(Entries shown Opens)

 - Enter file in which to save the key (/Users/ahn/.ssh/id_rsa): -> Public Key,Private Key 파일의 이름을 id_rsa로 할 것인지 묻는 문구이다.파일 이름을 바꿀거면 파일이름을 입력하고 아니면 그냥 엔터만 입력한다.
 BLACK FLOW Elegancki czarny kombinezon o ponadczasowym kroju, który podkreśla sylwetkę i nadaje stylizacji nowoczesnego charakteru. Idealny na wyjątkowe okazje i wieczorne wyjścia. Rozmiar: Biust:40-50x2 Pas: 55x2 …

(Entries shown Closes)
(Entries shown Opens)

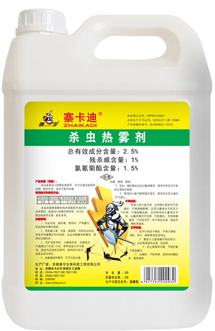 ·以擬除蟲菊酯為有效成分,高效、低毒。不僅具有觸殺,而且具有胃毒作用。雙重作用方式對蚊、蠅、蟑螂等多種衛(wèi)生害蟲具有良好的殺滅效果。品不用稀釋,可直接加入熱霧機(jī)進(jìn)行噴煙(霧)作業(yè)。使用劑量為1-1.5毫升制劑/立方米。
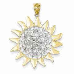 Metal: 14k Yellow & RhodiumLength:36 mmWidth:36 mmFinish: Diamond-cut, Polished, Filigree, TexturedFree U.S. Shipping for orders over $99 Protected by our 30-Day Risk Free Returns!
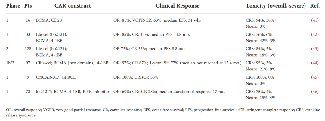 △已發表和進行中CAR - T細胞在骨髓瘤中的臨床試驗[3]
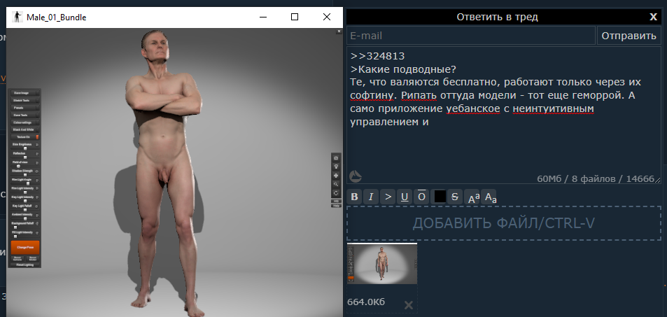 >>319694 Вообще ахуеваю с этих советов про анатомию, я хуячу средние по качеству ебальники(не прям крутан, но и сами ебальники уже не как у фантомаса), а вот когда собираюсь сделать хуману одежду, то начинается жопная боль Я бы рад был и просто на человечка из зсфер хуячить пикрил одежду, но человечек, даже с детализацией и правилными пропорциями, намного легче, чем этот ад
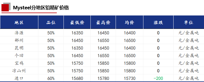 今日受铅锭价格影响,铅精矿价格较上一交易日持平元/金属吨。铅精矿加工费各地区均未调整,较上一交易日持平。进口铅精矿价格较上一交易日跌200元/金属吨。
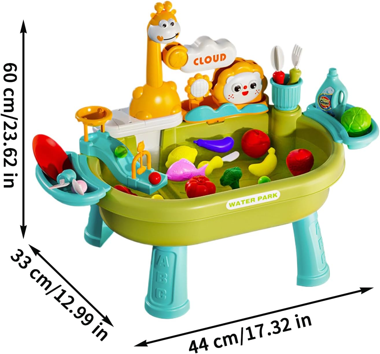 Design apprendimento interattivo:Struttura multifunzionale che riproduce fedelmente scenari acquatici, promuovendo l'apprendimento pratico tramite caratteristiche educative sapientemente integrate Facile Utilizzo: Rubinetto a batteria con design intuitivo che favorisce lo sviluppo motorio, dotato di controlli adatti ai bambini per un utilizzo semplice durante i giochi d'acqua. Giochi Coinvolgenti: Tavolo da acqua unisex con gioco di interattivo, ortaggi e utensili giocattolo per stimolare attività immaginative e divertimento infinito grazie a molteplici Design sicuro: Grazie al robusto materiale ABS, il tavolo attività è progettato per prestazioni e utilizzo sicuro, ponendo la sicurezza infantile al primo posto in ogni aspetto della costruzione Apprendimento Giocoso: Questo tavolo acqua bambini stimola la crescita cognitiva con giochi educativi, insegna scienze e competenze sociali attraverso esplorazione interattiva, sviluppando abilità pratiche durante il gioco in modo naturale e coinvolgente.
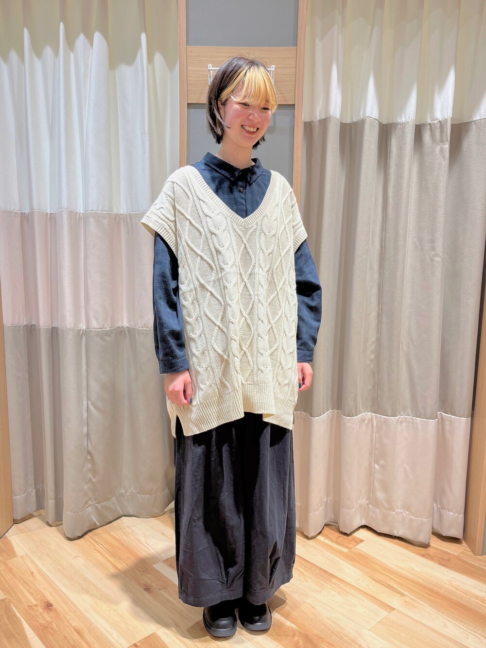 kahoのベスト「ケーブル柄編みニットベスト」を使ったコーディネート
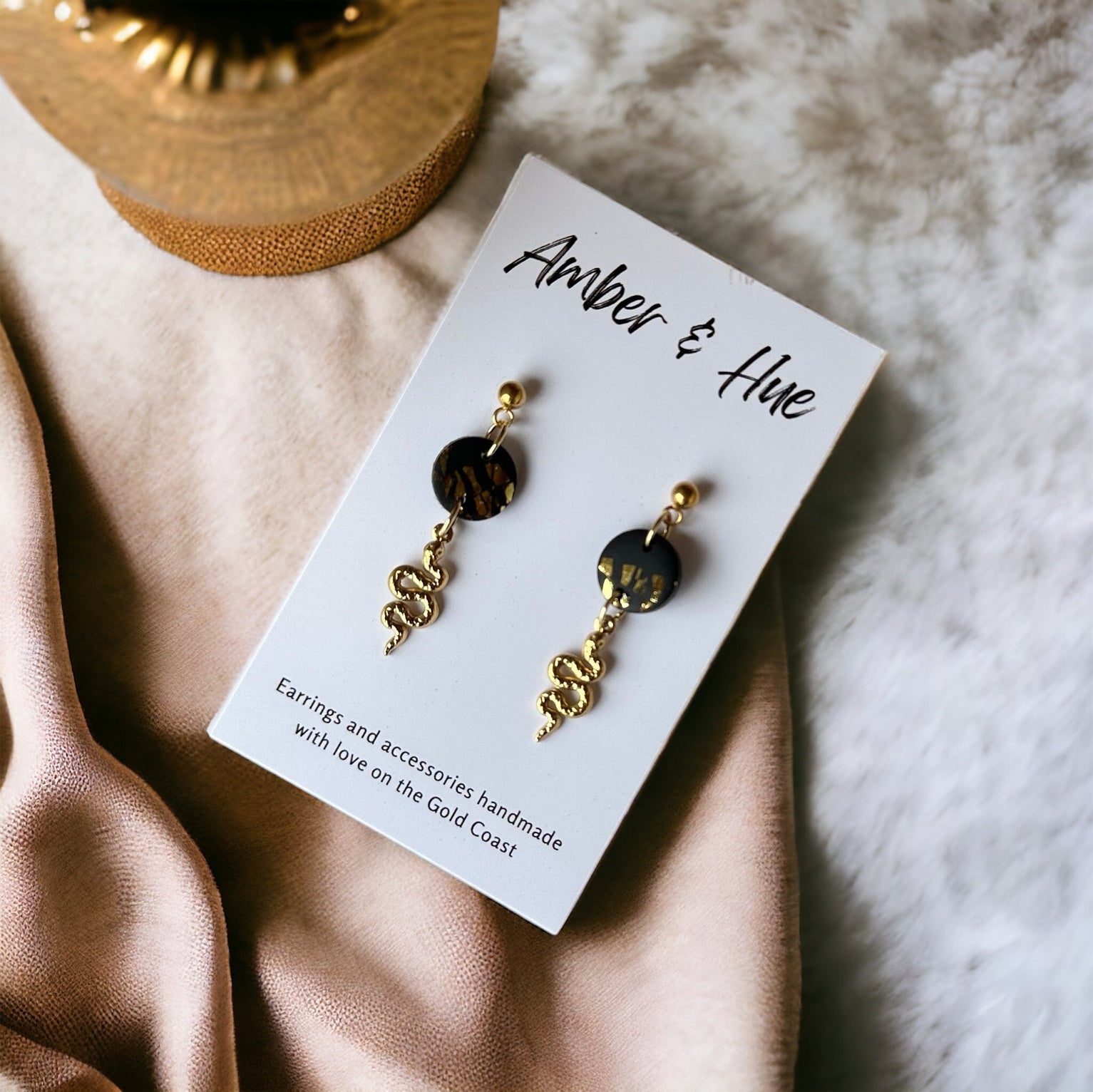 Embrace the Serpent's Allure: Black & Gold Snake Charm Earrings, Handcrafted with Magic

(Entries shown Closes)
(Entries shown Opens)

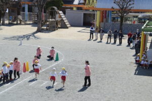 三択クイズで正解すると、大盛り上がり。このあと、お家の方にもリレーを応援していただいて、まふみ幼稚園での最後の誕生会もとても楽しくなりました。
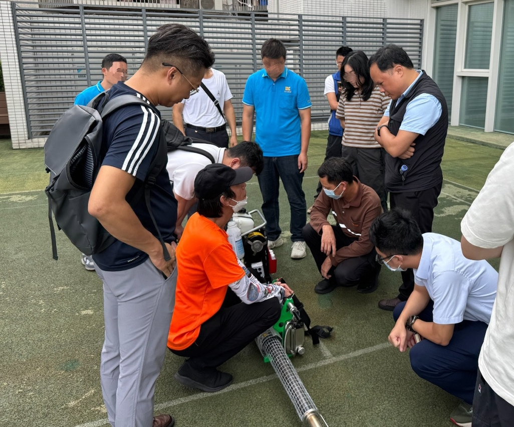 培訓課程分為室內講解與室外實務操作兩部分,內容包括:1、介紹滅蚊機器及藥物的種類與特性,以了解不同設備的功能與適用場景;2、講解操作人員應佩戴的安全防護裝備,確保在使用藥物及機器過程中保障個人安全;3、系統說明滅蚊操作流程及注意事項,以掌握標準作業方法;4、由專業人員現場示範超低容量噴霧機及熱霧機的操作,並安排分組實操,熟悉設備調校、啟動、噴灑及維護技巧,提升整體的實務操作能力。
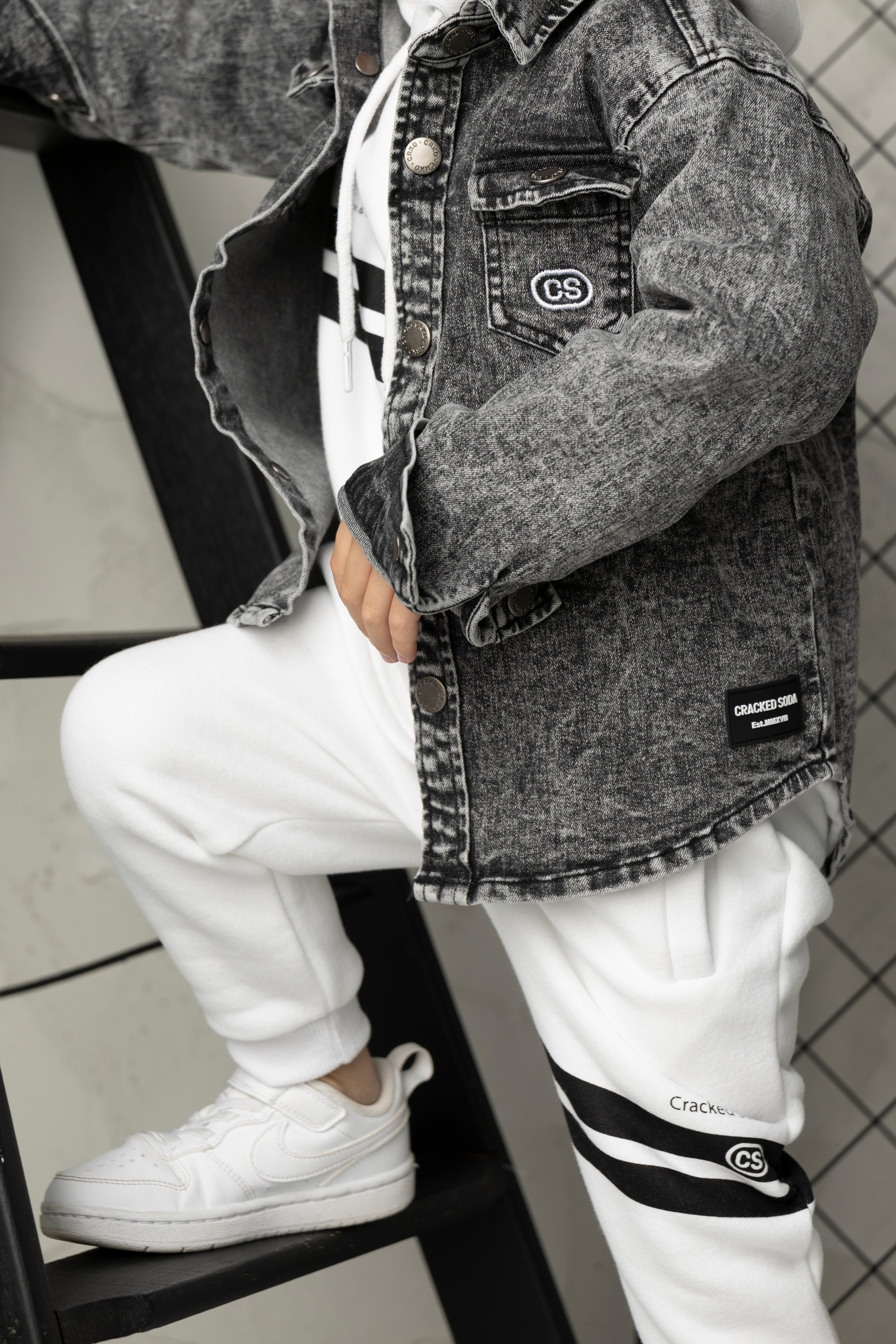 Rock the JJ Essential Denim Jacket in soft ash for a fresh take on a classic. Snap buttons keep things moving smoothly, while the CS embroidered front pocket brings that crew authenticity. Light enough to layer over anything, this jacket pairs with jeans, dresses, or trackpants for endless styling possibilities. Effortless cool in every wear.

(Entries shown Closes)

» **Requirement**:
The listing above holds a line with "- Enter file" and a line with "BLACK FLOW Elegancki". Print the stretch from the first through the second, exactly and alone.

» **Exercise answer**:
 - Enter file in which to save the key (/Users/ahn/.ssh/id_rsa): -> Public Key,Private Key 파일의 이름을 id_rsa로 할 것인지 묻는 문구이다.파일 이름을 바꿀거면 파일이름을 입력하고 아니면 그냥 엔터만 입력한다.
 BLACK FLOW Elegancki czarny kombinezon o ponadczasowym kroju, który podkreśla sylwetkę i nadaje stylizacji nowoczesnego charakteru. Idealny na wyjątkowe okazje i wieczorne wyjścia. Rozmiar: Biust:40-50x2 Pas: 55x2 …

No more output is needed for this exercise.